Monday, Oct. 29, 1956

Born. To Feiho Ikeda, 26, crew member of the Japanese fishing boat Fortunate Dragon, which was dusted with radioactive fallout (1954) after a U.S. H-bomb test in the Marshall Islands, and his wife Setsuko Ikeda, 23: a son, described as healthy and normal, the first child born to any of the 22 survivors (one crewman died). Weight: 7 Ibs. 8 oz.

Born. To Debbie Reynolds, 24, teen-ageing cinemactress (The Catered Affair), and Eddie Fisher, 28, curly-headed jukebox nightingale (7 Believe): a daughter, their first child; in Burbank, Calif. Weight: 6 Ibs. 12 oz.

Born. To Luis Anastasio Somoza de Bayle, 33, President of Nicaragua since the assassination of his father. Dictator Anastasio ("Tacho") Somoza, last month, and Isabel Urcuyo de Somoza: a fifth son, sixth child; in Managua, Nicaragua. Name: Heraldo. Weight: 6 Ibs. 8 oz.

Born. To Enos Bradsher ("Country") Slaughter, 40, balding, longtime (1938-53) St. Louis Cardinals outfielder, who joined the New York Yankees last August, broke up the third World Series game with a home run, and Fifth Wife Helen Spiker Slaughter, 26: a daughter, their first child (his second); in Kansas City, Mo. Name: Gaye Arlene. Weight: 7 Ibs. 14 oz.

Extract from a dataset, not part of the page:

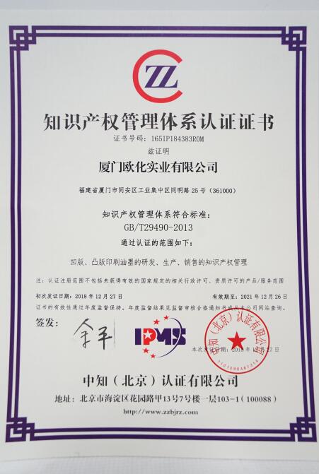 近日,我司獲證“知識(shí)產(chǎn)權(quán)管理體系認(rèn)證”,通過(guò)認(rèn)證的范圍為凹版、凸版印刷油墨的研發(fā)、生產(chǎn)、銷售的知識(shí)產(chǎn)權(quán)管理。

Married. Phil Silvers, 44, comic of stage (Top Banana, 1951-53) and TV (Sergeant Bilko); and Evelyn Patrick, 23, the sugar-coating on The $64,000 Question's commercials; he for the second time, she for the first; in New Haven, Conn.

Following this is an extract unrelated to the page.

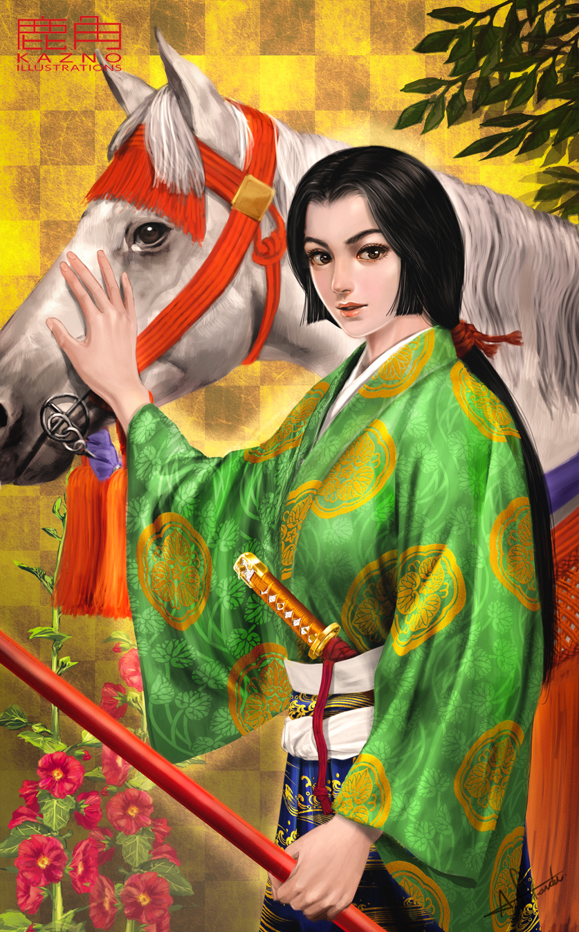 1girl black_hair brown_eyes checkered_background crest family_crest flower green_kimono hair_tie hand_on_another's_head highres holding hollyhock horse japanese_clothes kimono komatsuhime low_ponytail mitsuba_aoi_(tokugawa_mon) obi original ponytail real_life sash sengoku_gallery simple_background sword tsuka-ito weapon

Died. Lawrence Dale (Larry) Bell, 62, stocky, square-faced airplane builder, who started (1913) as a $12-a-week apprentice at the late Glenn L. Martin's plane factory, later worked with Aviation Pioneer Donald W. Douglas (now president of Douglas Aircraft Co.) when Douglas joined

Martin as chief engineer (1915); of a heart ailment, a month after he retired as president, became board chairman of Bell Aircraft Co.; in Buffalo. Larry Bell helped develop an early "bomber" before joining Martin (converted from a Martin exhibition plane, stocked with dynamite-filled gas pipes and sold to Pancho Villa), by 1935 had launched his own firm (estimated 1956 sales: $200 million). Planemaker Bell in 1944 produced the U.S.'s first jet fighter, the Airacomet, made helicopters, missiles and the famed X-1 and X-2 rocket planes, which have broken all speed, altitude records.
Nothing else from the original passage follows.